The Viking World: A History in Objects

Pin

This is a broken copper alloy pin with a kite-shaped head. It dates to about the 9th to 11th Century, discovered in January 2015 in North Yorkshire with a metal detector. Its head is flat with a diamond or lozenge shape with other diamond shaped knobs at the corners. It has a circular hole, 2.2 diameter, through the head. The head is also decorated with a carved line border and both faces are identical.This pin is considered to originate in Ireland, but is found in Yorkshire due to viking activity.[1]

Pins in the Viking Age were typically used for cloak fastening. Those classed as dress pins could also be used for securing hair or as stylus.
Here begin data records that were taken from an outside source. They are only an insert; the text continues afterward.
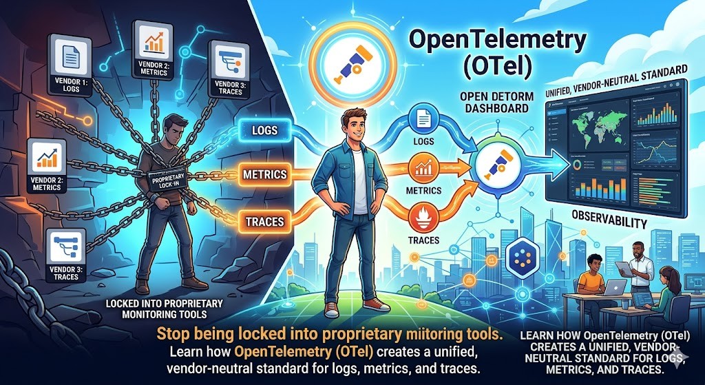 Stop being locked into proprietary monitoring tools. Learn how OpenTelemetry (OTel) creates a unified, vendor-neutral standard for logs, metrics, and traces.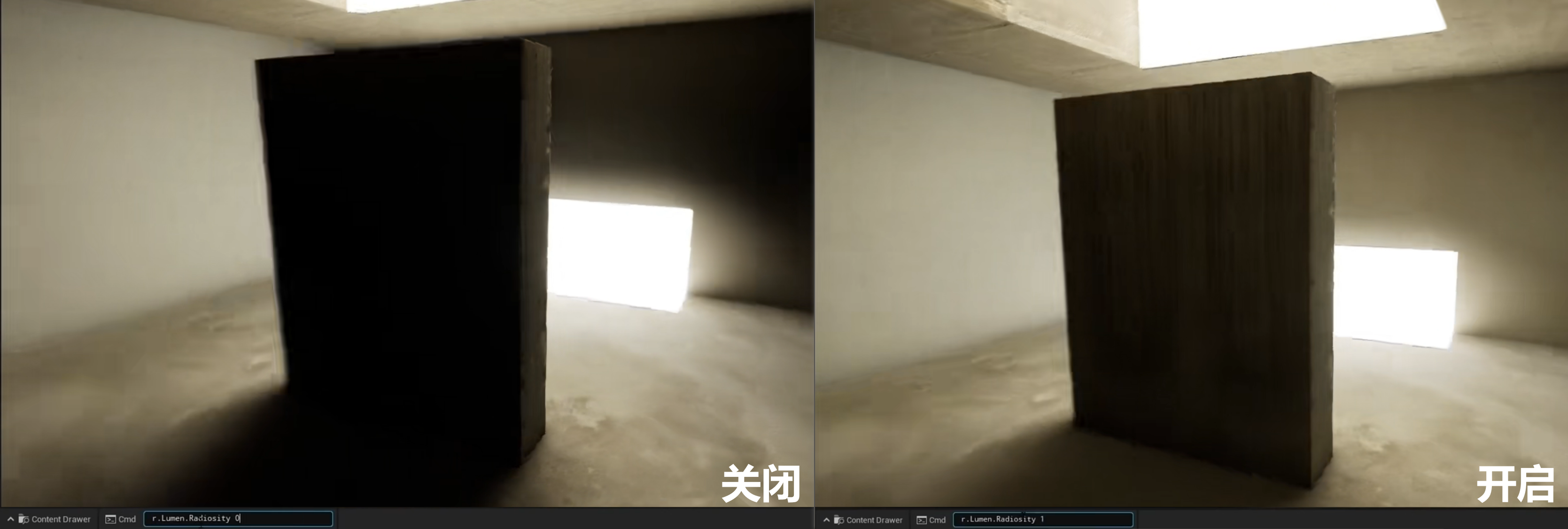 - UE4 中,主要通过直接光照来实现动态光照,很难计算间接光照(都是粗略估算或基于烘焙的全局光照),处理全局光照需要巨大的计算量,而实时全局光照的计算就更困难了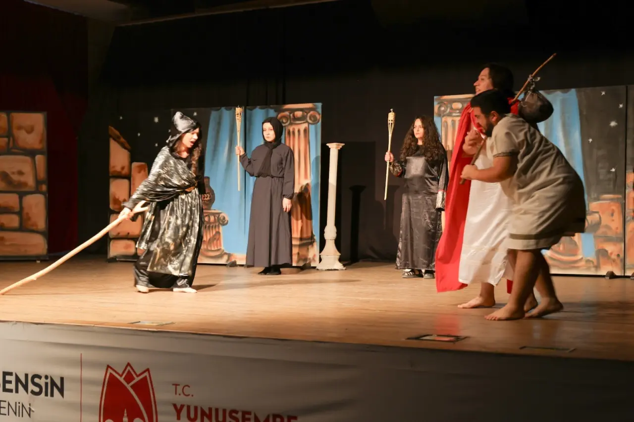 Yunusemre Belediyesi, ekim ayı kültür-sanat etkinlikleri kapsamında Altıeylül Kent Sahnesi’nin Aristophanes’in klasik eseri Kurbağalar’dan uyarladığı "Hades’e Yolculuk" adlı oyunu tiyatro severlerle buluşturdu. Ferdi Zeyrek Millet Çarşısı İsmail Hakkı Tonguç Konferans Salonu’nda sahnelenen oyun, absürt komedi tarzında yeniden yorumlanarak izleyicilere keyifli anlar yaşattı. Kahkahaların eksik olmadığı gösteri, izleyicilerden tam not aldı. Gösteri sonunda tiyatro severler oyuncuları ayakta alkışlarken, Yunusemre Belediye Başkan Yardımcıları Ali Kuyumcu ve Mehmet Mesut Doğan, performanslarından dolayı tüm oyunculara teşekkür ederek plaket takdim etti.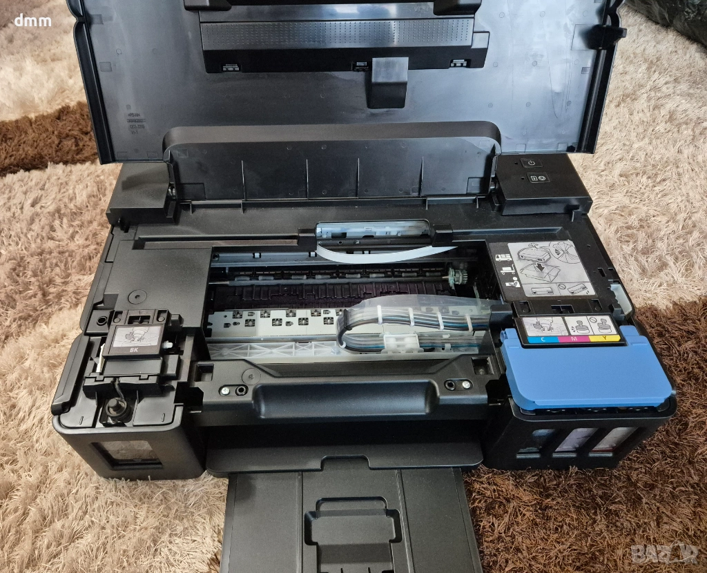 Принтерът се продава с оригиналния кашон и захранващ кабел. Като бонус подарявам едно чисто ново чено мастило и Cyan на половина.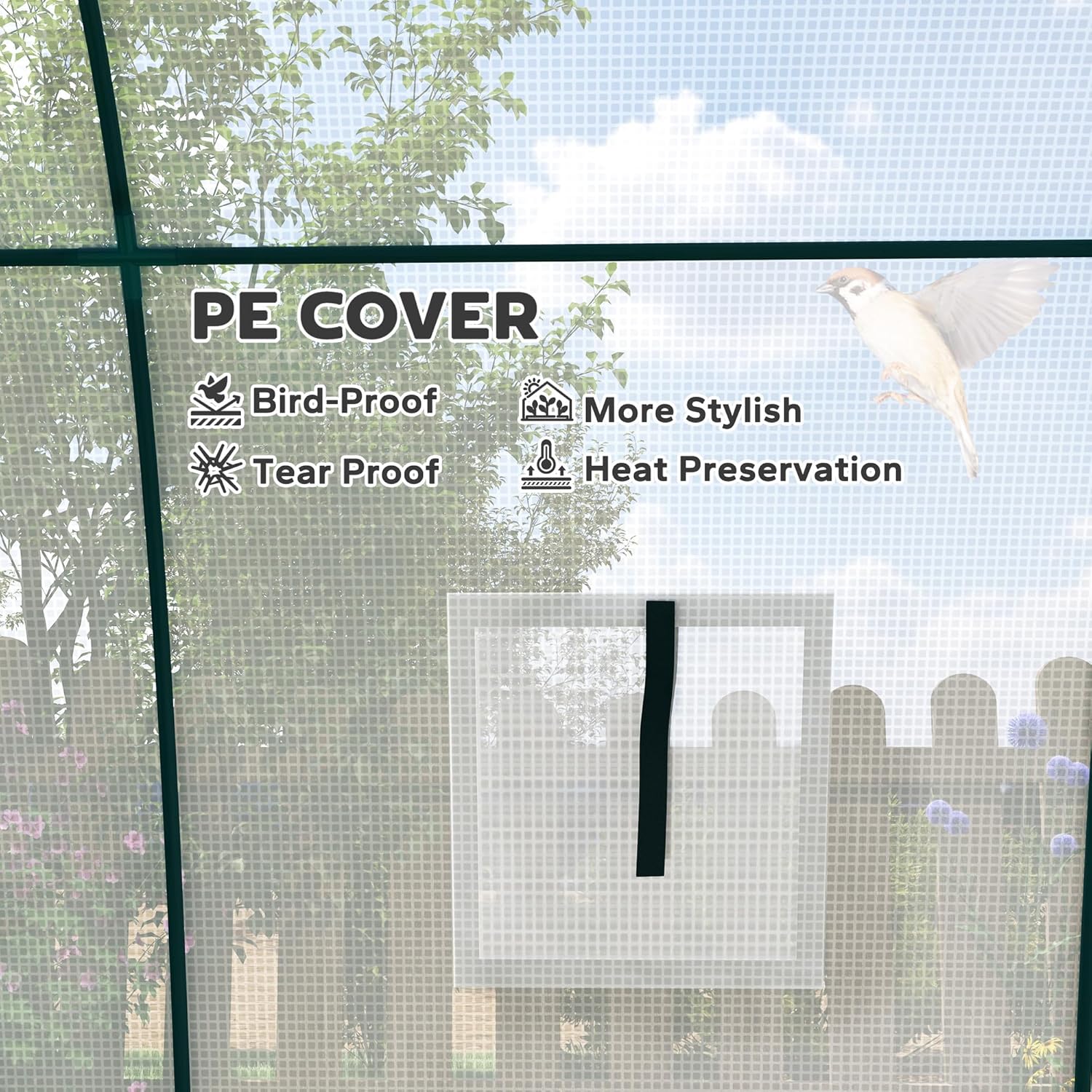 - Reinforced PE Cover: Protects plants from UV scorching while allowing 85% of nourishing sunlight to pass through. The hemmed edging and grid through the middle prevent tearing effectively, prolonging the service life of the hoop greenhouse tent

Pins from Scandinavia were only used for strap dresses or to fasten cloaks. But once vikings started to enter England and English society, they began to wear pins as ornamental pieces, for fashion as well as utility.[2] Pins ranged from simple, made from bone, to elaborate gold decorations. Norse pins specifically, like all of their jewelry, were highly decorated.

Because it’s been determined that this pin most likely originated from Ireland, the owner was an experienced raider. What probably happened was that the husband of this pin’s owner had gone a-viking in Ireland before coming to England. There was some sort of trading action, by force or otherwise, that led this pin to North Yorkshire. This flat-head pin like these have heads that have been determined to be small enough to pass through cloth and were unlikely to have been used to fasten hair.